A displacement of both the self and of collective memory pervades Ukrainian history. My interest as a writer has always been how we can honour and capture memory, which is why I turn to poetry. Poetry is the space in which truth in all its forms, whether factual or felt, exists. A well-known example of felt truth portrayed through poetry is Ukrainian-American poet Ilya Kaminsky’s 2019 collection Deaf Republic. The book is set in the fictional town of Vasenka, which is occupied by forces claiming to “protect the freedom” of the townspeople. After a young deaf boy is killed by a soldier, the town goes silent in protest:

“Our country woke up next morning and refused to hear soldiers […]
Our hearing doesn’t weaken, but something silent in us strengthens”.

— Ilya Kaminsky

At the time of Deaf Republic’s publication, Crimea had been taken by Russian forces, and the Donbas region was under extreme duress. Easy to refer to Deaf Republic as allegory, yet it is far more complex than a literary technique. Part of its complexity lies in the questions of felt truth, misinformation, and how these relate to the experiences of Eastern European people, not just today, but throughout generations.

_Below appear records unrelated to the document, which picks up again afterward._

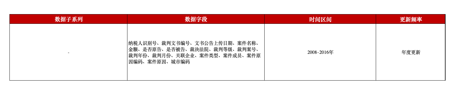 本平台对参与全国税收调查的企业名单进行汇总整理,推出税收调查企业裁判文书数据,包含裁判文书编号、案件名称、裁判法院、案件类型等等,为相关研究助力。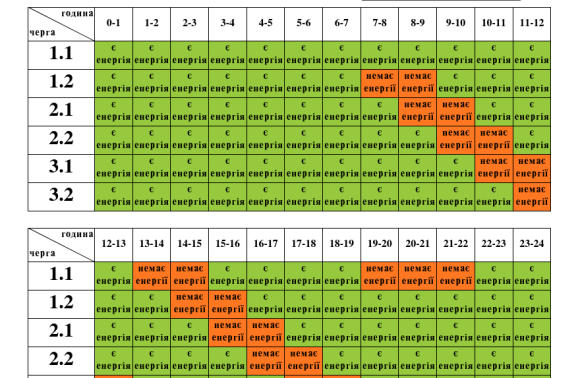 Для всіх шести груп споживачів світла не буде по 4-5 годин за добу.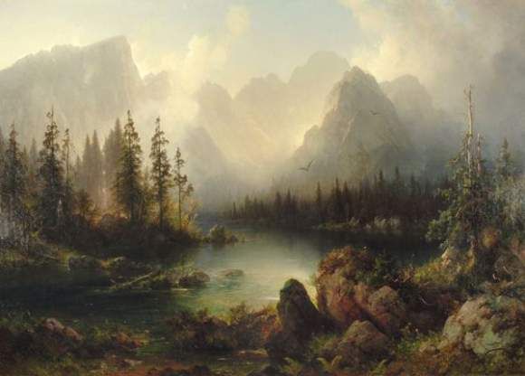 Lever du jour au bord d'un lac de montagne (Bergsee)

The confusion of information we find now is part of what Carole Cadwalladr refers to as the “Great Information War”, where tactics reminiscent of the Soviet era are being used once again. The most well-known form of cultural gaslighting enforced upon Ukrainians was the Holodomor, a Stalin-imposed, man-made famine between 1932 to 1933, which killed an estimated three million Ukrainians. It was used to deter any form of return to Ukrainian independence. The word Holodomor (deriving from the roots holod, meaning hunger, and mor, meaning plague) itself was banned from use, the acknowledgment of this human atrocity dismissed as anti-Soviet propaganda. We see this same rhetoric employed now by the Kremlin, with Putin’s recent declaration that Ukraine was founded by Lenin, and Lavrov’s claim to the media that Russia has not attacked Ukraine. The world is being told that our country, our history, does not exist. We are at risk of disappearing in real time, both physically and historically.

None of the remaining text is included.